The Treasury's closely watched 30-year bond rose 1/4 point, or about $2.50 for every $1,000 in face amount. Its yield fell to 9.14% from 9.17% Friday.
Bond prices declined early in the day as oil prices shot higher after OPEC ministers meeting in Vienna announced a new agreement to curtail production.
But bonds later bounced back as oil prices reversed course amid skepticism about whether the 13 members of the Organization of Petroleum Exporting Countries would abide by terms of the new production agreement.
Elliott Platt, fixed-income research director for the investment firm Donaldson Lufkin & Jenrette Securities Corp., said bonds derived some strength from the dollar's rise in foreign exchange trading.
"The dollar had one of its rare good days of late," he said.
Bonds have been hurt recently by the dollar's decline, which reduces the value of dollar-denominated holdings for foreign investors. A rising dollar, on the other hand, boosts yields available to foreigners upon conversion into their own currencies.
Platt said the decision by the nation's biggest banks to boost their prime lending rates by a half percentage point to 10.5% had been expected and caused little reaction in the credit markets.
Short-Term Rates Mixed
Meantime, interest rates on short-term Treasury securities rose in Monday's auction to the highest level at such sales in more than 3 1/2 years.
In the secondary market for Treasury bonds, prices of short-term government issues rose 1/32 point; intermediate maturities were mixed, with some off 1/16 point and others up 1/16 point, and 20-year issues rose 3/8 point, according to Telerate Inc., a financial information service. The movement of a point equals a change of $10 in the price of a $1,000 bond.
The Shearson Lehman daily Treasury bond index, which measures price movements on all outstanding Treasury issues with maturities of a year or longer, rose 0.64 to 1,130.92.
In the corporate bond market, prices also gained ground. Moody's investment grade corporate bond index, which measures price movements on 80 corporate bonds with maturities of five years or longer, rose 0.58 at 293.27.
In tax-exempt trading, prices were unchanged, according to the Bond Buyer municipal bond index.

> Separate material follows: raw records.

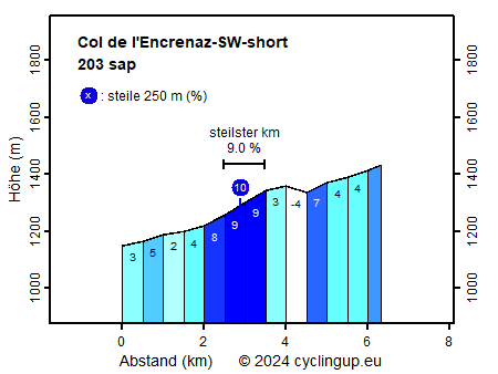Von den 2270 Höhenmetern wird ein beträchtlicher Teil (990 Meter) beim Aufstieg auf den Ramaz zurückgelegt, nur 280 Meter beim Aufstieg auf den Encrenaz und 750 Meter beim Aufstieg zum Joux Plane. Tatsächlich wird nur die zweite Hälfte des Aufstiegs auf den Encrenaz in dieser Route zurückgelegt. Daher ist dieser Anstieg viel leichter (203 Steigungsanstrengungspunkte (sap)) als die beiden anderen Anstiege (778 sap für den Ramaz und 617 sap für den Joux Plane). Weitere Informationen, einschließlich Profile, finden Sie hier für den Ramaz, hier für den Encrenaz und hier für den Joux Plane. Außerdem gibt es ein Profil des in dieser Route enthaltenen Teils des Encrenaz.
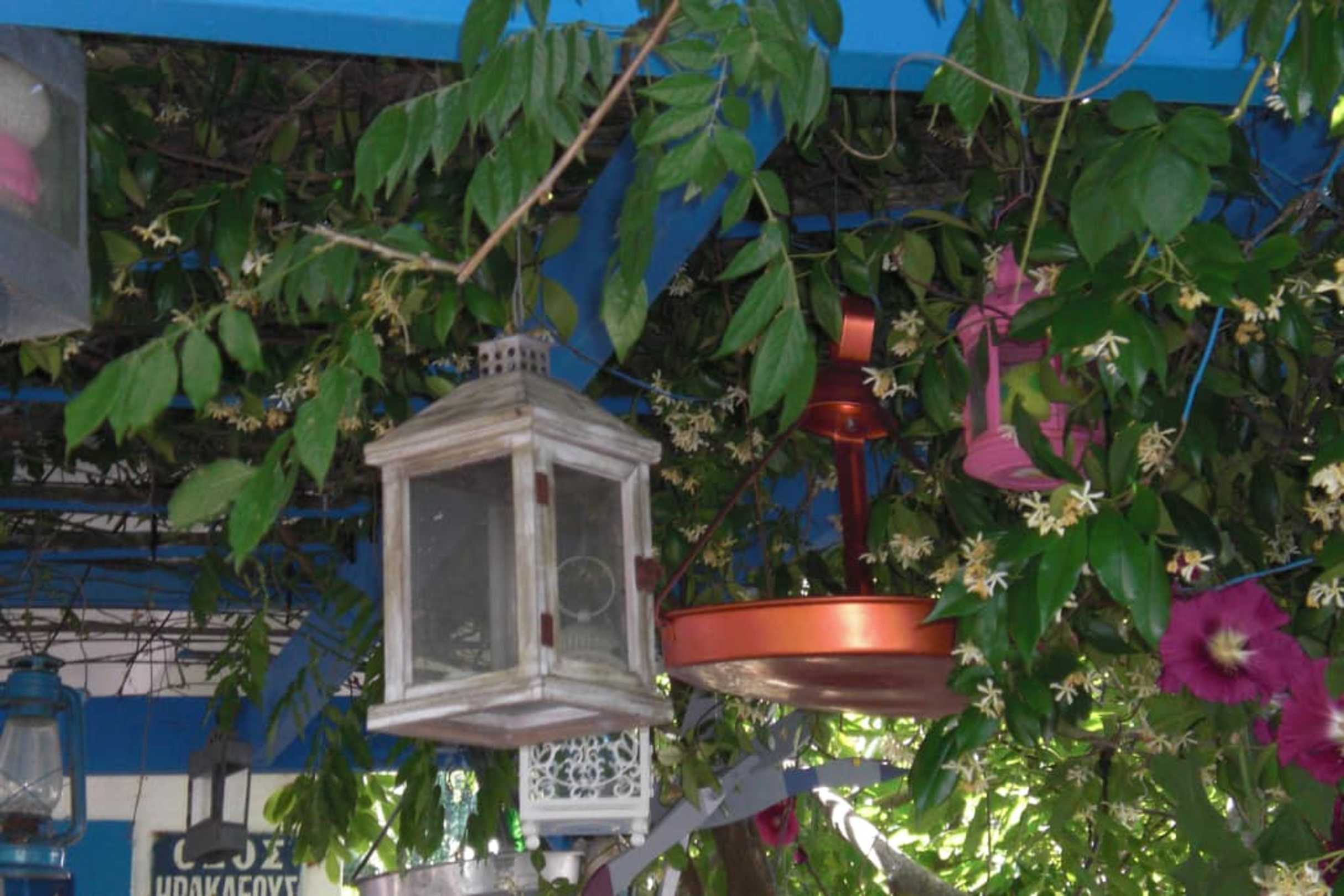 Viele Blumen und eine alte Laterne
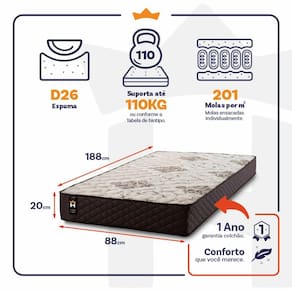 Medidas do Colchão: 88x188x28 cm, 96X203x28 cm,138x188x28 cm, 158x198x28 cm, 193x203x28 cm.
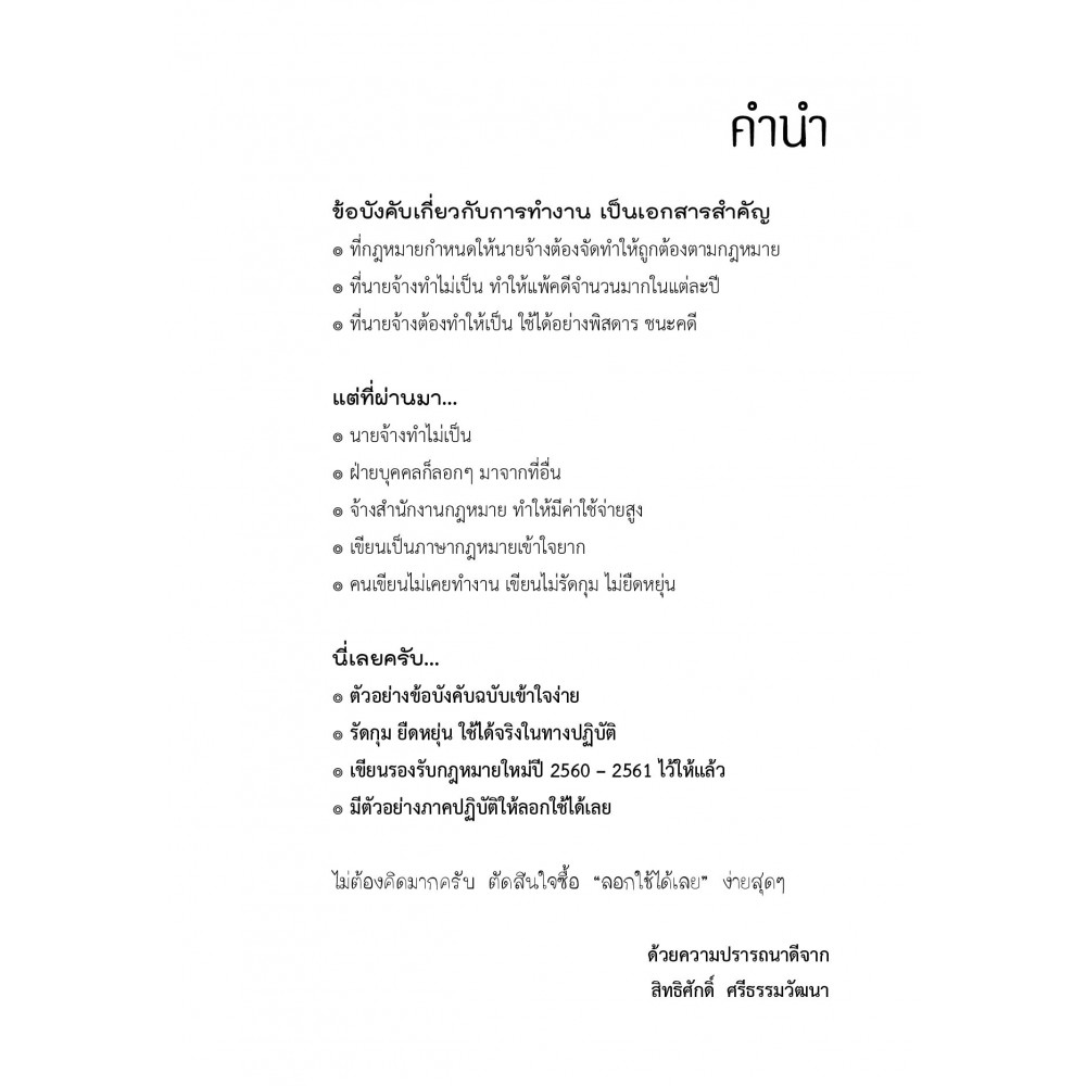 ข้อบังคับเกี่ยวกันการทำงานเป็นเอกสารสำคัญที่กฎหมายได้กำหนดให้นายจ้างจัดทำให้ถูกต้องตามากฎหมายที่นายจ้างทำไม่เป็นทำให้แพ้คดีจำนวนมากในแต่ละปีที่นายจ้างต้องทำให้เป็นใช้ได้อย่างพิสดารชนะคดีแต่ที่ผ่านมานายจ้างทำไม่เป็นฝ่ายบุคคลก็ลอกๆมาจากที่อื่นจ้างสสำนักงานกฎหมายทำให้มีค่าใช้จ่ายสูงเขียนเป็นภาษากฎหมายได้เข้าใจยากคนเขียนไม่เคยทำงานเขียนไม่รัดกุมไม่ยืดหยุ่นนีี่เลยครับตัวอย่างข้อบังคับฉบับเข้าใจง่ายรัดกุมยืดหยุ่นใช้ได้จริงในทางปฏิบัติเขียนรองรับกฎหมายใหม่ปี2560-2561ไว้ให้แล้วมีตัวอย่างภาคปฏิบัติให้ลอกใช้ได้เลยไม่ต้องคิดมากครับตัดสินใจซื้อลอกใช้ได้เลยง่ายสุดๆ

Yields on three-month Treasury bills held at 8.27%, as the discount was unchanged at 8.01%. Yields on six-month bills were unchanged at 8.57%, as the discount remained at 8.12%. Yields on one-year bills fell to 8.74%, as the discount fell 2 basis points to 8.10%.
A basis point is one-hundredth of a percentage point. The yield is the annualized return on an investment in a Treasury bill. The discount is the percentage that bills are selling below the face value, which is paid at maturity.
The federal funds rate, the interest on overnight loans between banks, was quoted late in the day at 8.5%, up from 8.375% late Friday.